Disaster strikes when a criminal mastermind reveals the identities of all active undercover agents in Britain. The secret service can now rely on only one man - Johnny English. Currently teaching at a minor prep school, Johnny springs back into action to find the mysterious hacker. For this mission to succeed, he’ll need all of his skills - what few he has - as the man with yesterday’s analogue methods faces off against tomorrow’s digital technology.
_Johnny English_ is a franchise that continues to get worse with every movie they release, which obviously makes _Strikes Again_ (as the newest) the worst to date, but I will say, there is one sequence with a certain cannister of pills that I did genuinely enjoy. But digging five minutes out of an hour and a half is not really a rate good experience.
_Final rating:★½: - Boring/disappointing. Avoid where possible._
An improvement on 'Johnny English Reborn', if still a large distance off the entertaining original.
'Johnny English Strikes Again' does feel more like the first film though, unlike the 2011 sequel. That's in positive and negative ways. The vibe of the film being one of the pluses, but one of the cons being a couple of scenes felt repeated from the original.

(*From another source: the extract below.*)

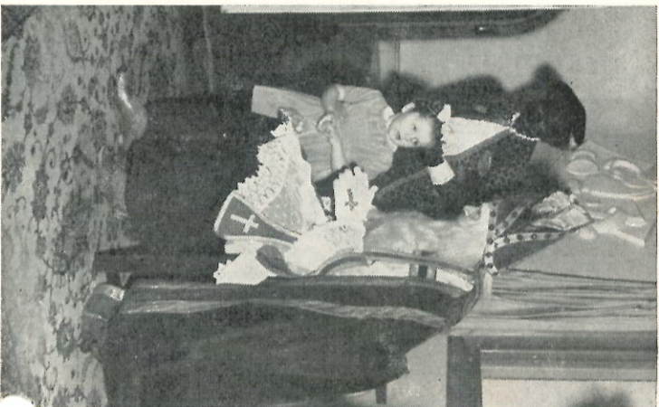
Hierna verliet de Sint de zaal en ging op de gang zitten om alle kinderen bij het weggaan nog een pakje te geven.

Zichtbaar onder de indruk dankte de heer Hey voor het gesproken, de cadeaus en de grote belangstelling waarvoor hij de hem toegezwaarde lof graag deelde met zijn vrouw en kinderen en zijn medewerkers.

Rowan Atkinson (Johnny) remains the standout piece of the series, while it's good to see the previously missing Ben Miller (Bough) return. Olga Kurylenko (Ophelia) is alright, while Emma Thompson (PM) is pleasant to see.
One issue I do have with this installment is the villain, who is extremely mundane and not at all threatening, menacing or funny. The main reason why the original is so much fun, at least to me, is that you had John Malkovich absolutely perfecting the villainous role and remaining on the same level as Atkinson. In the sequels, it's basically Atkinson and that's it. Bring back Pascal Sauvage, I say.
The humour in this third release is suitably fine, despite nothing truly hilarious. There are a few good scenes, the most memorable to me being the VR one. The ending is just about passable, almost bad but not quite. Overall, I found just enough that I enjoyed about this.